What the task asks = Every record below is to be restated verbatim, though its images are not.

Working data =
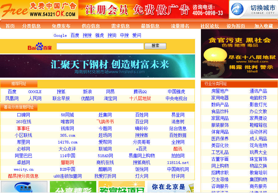 免費(fèi)中國(guó)廣告網(wǎng)站致力于網(wǎng)絡(luò)信息分類模式的探索,開發(fā),建立,創(chuàng)新,是融分類信息導(dǎo)航和分類信息為一體的大型綜合門戶網(wǎng)站,旨在為訪問者提供簡(jiǎn)潔,精準(zhǔn),及時(shí)的分類信息導(dǎo)航服務(wù)和免費(fèi)方便的分類信息發(fā)布平臺(tái), 聯(lián)合業(yè)界同仁共同開發(fā)網(wǎng)絡(luò)資源...
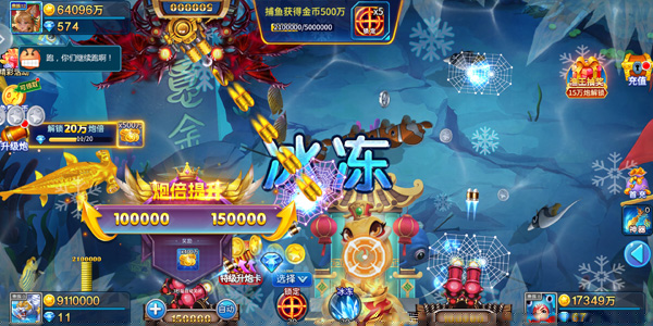 本作最引人注目的亮点在于其颠覆性的视觉表现与爽快感爆棚的爆金系统。游戏采用业界领先的高精度建模技术与动态光影渲染,将海底世界的每一个细节都刻画得栩栩如生,鱼群的游动、水波的荡漾、乃至炮弹划过水面的轨迹都极具真实感。而独创的Boss觉醒系统更是将视觉冲击推向高潮,当金蟾、龙王等传奇生物进入狂暴的觉醒状态时,全屏将绽放出无比华丽的特效,随之而来的便是海量金币如瀑布般喷涌的震撼场面,这种强烈的正反馈极大地满足了玩家的感官需求。游戏打破了传统捕鱼的炮倍限制,提供了高达万倍的炮率选择,让一炮定乾坤的梦想成为可能,扎实的打击感与满屏爆金的视觉回馈相结合,带来了极致的解压与爽快体验。
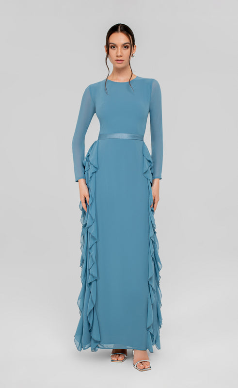 The Rinad dress exudes effortless elegance, crafted in lined chiffon with ruffles cascading from the hip to the floor. A defined waistband shapes the silhouette, balancing airy movement with structured refinement, ideal for formal gatherings and graceful entrances.
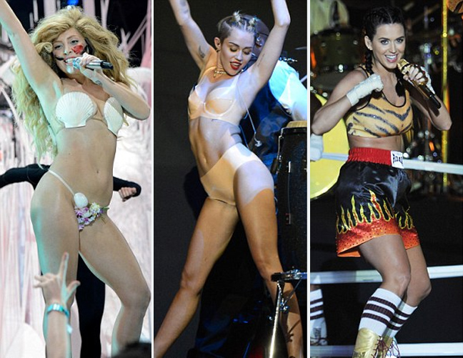 Οι τρεις καλλιτέχνιδες- που βρίσκονται στη φάση προώθησης των νέων τους άλμπουμ- επέλεξαν μικροσκοπικά σύνολα (της Lady Gaga αποτελείτο από… κοχύλια) ενώ η Lady Gaga και η Miley Cyrus τραγούδησαν φορώντας τα…. εσώρουχά τους- ή κάτι παρόμοιο. H Katy Perry me σορτς του μποξ και ένα κοντό τοπ ήταν, συγκριτικά με τις άλλες δύο, σεμνή.
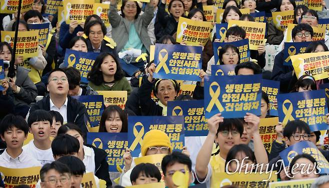 | ▲ 세월호 참사 유가족과 시민들이 11일 오후 서울 중구 시청역 앞에서 열린 4.16 세월호 참사 12주기 기억·약속 시민대회에 참석해 세월호 참사를 추모하며 진실 규명과 생명안전 사회를 촉구하고 있다. |
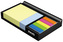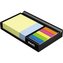 Przybornik z karteczkami na biurko. Zawiera: notes żółty pastelowy o wymiarach 76x76mm - 200 karteczek, notes/zakładki niebieskie pastelowe o wymiarach 76x25mm - 200 karteczek oraz komplet klasycznych zakładek indeksujących o wymiarach 45x12mm, mix 5 kolorów neonowych, po 25 zakładek w każdym kolorze, w sumie 125 zakładek. Dodatkowo przybornik posiada specjalne miejsce na umieszczenie długopisu. Bardzo przydatna pomoc na każdym biurku - w domu i w biurze.

Task output =
 免費(fèi)中國(guó)廣告網(wǎng)站致力于網(wǎng)絡(luò)信息分類模式的探索,開發(fā),建立,創(chuàng)新,是融分類信息導(dǎo)航和分類信息為一體的大型綜合門戶網(wǎng)站,旨在為訪問者提供簡(jiǎn)潔,精準(zhǔn),及時(shí)的分類信息導(dǎo)航服務(wù)和免費(fèi)方便的分類信息發(fā)布平臺(tái), 聯(lián)合業(yè)界同仁共同開發(fā)網(wǎng)絡(luò)資源...
 本作最引人注目的亮点在于其颠覆性的视觉表现与爽快感爆棚的爆金系统。游戏采用业界领先的高精度建模技术与动态光影渲染,将海底世界的每一个细节都刻画得栩栩如生,鱼群的游动、水波的荡漾、乃至炮弹划过水面的轨迹都极具真实感。而独创的Boss觉醒系统更是将视觉冲击推向高潮,当金蟾、龙王等传奇生物进入狂暴的觉醒状态时,全屏将绽放出无比华丽的特效,随之而来的便是海量金币如瀑布般喷涌的震撼场面,这种强烈的正反馈极大地满足了玩家的感官需求。游戏打破了传统捕鱼的炮倍限制,提供了高达万倍的炮率选择,让一炮定乾坤的梦想成为可能,扎实的打击感与满屏爆金的视觉回馈相结合,带来了极致的解压与爽快体验。
 The Rinad dress exudes effortless elegance, crafted in lined chiffon with ruffles cascading from the hip to the floor. A defined waistband shapes the silhouette, balancing airy movement with structured refinement, ideal for formal gatherings and graceful entrances.
 Οι τρεις καλλιτέχνιδες- που βρίσκονται στη φάση προώθησης των νέων τους άλμπουμ- επέλεξαν μικροσκοπικά σύνολα (της Lady Gaga αποτελείτο από… κοχύλια) ενώ η Lady Gaga και η Miley Cyrus τραγούδησαν φορώντας τα…. εσώρουχά τους- ή κάτι παρόμοιο. H Katy Perry me σορτς του μποξ και ένα κοντό τοπ ήταν, συγκριτικά με τις άλλες δύο, σεμνή.
 | ▲ 세월호 참사 유가족과 시민들이 11일 오후 서울 중구 시청역 앞에서 열린 4.16 세월호 참사 12주기 기억·약속 시민대회에 참석해 세월호 참사를 추모하며 진실 규명과 생명안전 사회를 촉구하고 있다. |
 Przybornik z karteczkami na biurko. Zawiera: notes żółty pastelowy o wymiarach 76x76mm - 200 karteczek, notes/zakładki niebieskie pastelowe o wymiarach 76x25mm - 200 karteczek oraz komplet klasycznych zakładek indeksujących o wymiarach 45x12mm, mix 5 kolorów neonowych, po 25 zakładek w każdym kolorze, w sumie 125 zakładek. Dodatkowo przybornik posiada specjalne miejsce na umieszczenie długopisu. Bardzo przydatna pomoc na każdym biurku - w domu i w biurze.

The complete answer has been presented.